Blog Author - Sameer Farooqui
Blog Author - Matthai Philipose
Blog Author - Loc Huynh

Mar 2, 2023

5 minutes

The Watch For group within Microsoft’s XBox division runs a large scale media AI platform that analyzes images, videos and live streams in real-time, processing millions of hours of video content and billions of frames every month. Watch For services several large vertical organizations within Microsoft such as XBox, Bing and LinkedIn across various use cases such as digital safety and media analytics, ultimately reaching hundreds of millions of end users. However, AI inference at such a massive scale is very expensive.

Today, we’re excited to announce the results from our second phase of partnership with Microsoft to continue driving down AI inference compute costs by reducing inference latencies. Over the past year, OctoML engineers worked closely with Watch For to design and implement the TVM Execution Provider (EP) for ONNX Runtime - bringing the model optimization potential of Apache TVM to all ONNX Runtime users. This builds upon the collaboration we began in 2021, to bring the benefits of TVM’s code generation and flexible quantization support to production scale at Microsoft.

The OctoML platform has always provided automation for exploring multiple model acceleration techniques. By integrating the new TVM EP into OctoML, now all OctoML customers have even more flexibility and choice to use ONNX Runtime and TVM together.

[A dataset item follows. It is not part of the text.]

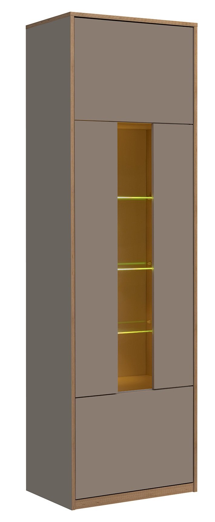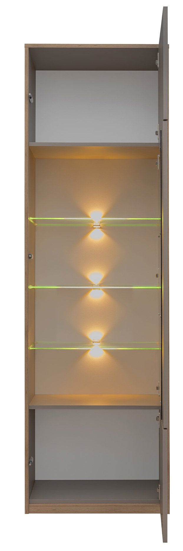 Vitrina Complex 1w dizajnirana je tako da omogućuje jednostavno kombiniranje s drugim elementima iz iste kolekcije ili s namještajem različitih stilova. Njezin profinjen izgled u sivoj kamenoj boji s drvenim dodirom lijepo se slaže sa svijetlim ili tamnim interijerima. LED osvjetljenje u unutrašnjosti naglašava dekorativne predmete, knjige ili stakleno posuđe, a istodobno stvara meko ambijentalno svjetlo u prostoru. Zbog kompaktne širine od 60 cm vitrina ne zauzima mnogo prostora, ali ipak nudi dovoljno mjesta za pohranu i izlaganje.

OctoML model acceleration with ONNX Runtime - TVM EP

Model optimization for Xbox Safety

The Watch For platform uses the ONNX Runtime inference engine internally to optimize and accelerate the prediction times for their large scale deep learning models. ONNX Runtime’s pluggable architecture brings significant flexibility to machine learning deployments by supporting all the leading ML frameworks such as PyTorch, TensorFlow/Keras, TFLite and Scikit-Learn on diverse hardware from NVIDIA, Intel, Qualcomm, AMD and Apple using an extensible execution providers (EPs) framework. However, existing ONNX Runtime EPs map ONNX graphs to proprietary engines or a fixed set of hand written operator libraries. But these can sometimes leave performance on the table or lead to model coverage gaps, especially for novel models and use cases.

Last year, we helped Microsoft run inference benchmarks that showed Apache TVM’s model compilation approach could deliver significant performance improvements over the existing execution provider backends for some critical models. But the engineering cost of switching some models from ONNX Runtime to TVM was prohibitive because of several pragmatic requirements of their platform. Primarily, adding a second inference engine API beyond ONNX Runtime would require re-architecting core parts of the platform, and increase the engineering burden of supporting two APIs.

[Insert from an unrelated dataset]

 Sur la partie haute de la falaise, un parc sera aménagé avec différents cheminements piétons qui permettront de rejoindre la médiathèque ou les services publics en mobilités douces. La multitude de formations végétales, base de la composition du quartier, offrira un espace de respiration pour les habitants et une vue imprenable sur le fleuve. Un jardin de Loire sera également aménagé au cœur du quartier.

Two insights led us naturally to the solution. First, ONNX Runtime’s pluggable architecture makes it easy to add new execution providers, enabling different hardware acceleration libraries. Second, Apache TVM’s runtime and generated code was designed from the beginning to be embeddable with a minimum amount of dependencies and environment assumptions. Integrating Apache TVM with ONNX Runtime was the obvious choice. 

The new TVM Execution Provider for ONNX Runtime is now running in production at Microsoft for accelerating four key models with speedups between 9% - 92% compared to the ONNX Runtime Default CPU EP configuration used in production. Watch For identified these models by running several of their deep learning models through OctoML’s automated benchmarking process to identify those that most benefited from TVM acceleration. These four computer vision convolution based models are a mixture of image classifiers and object detection models.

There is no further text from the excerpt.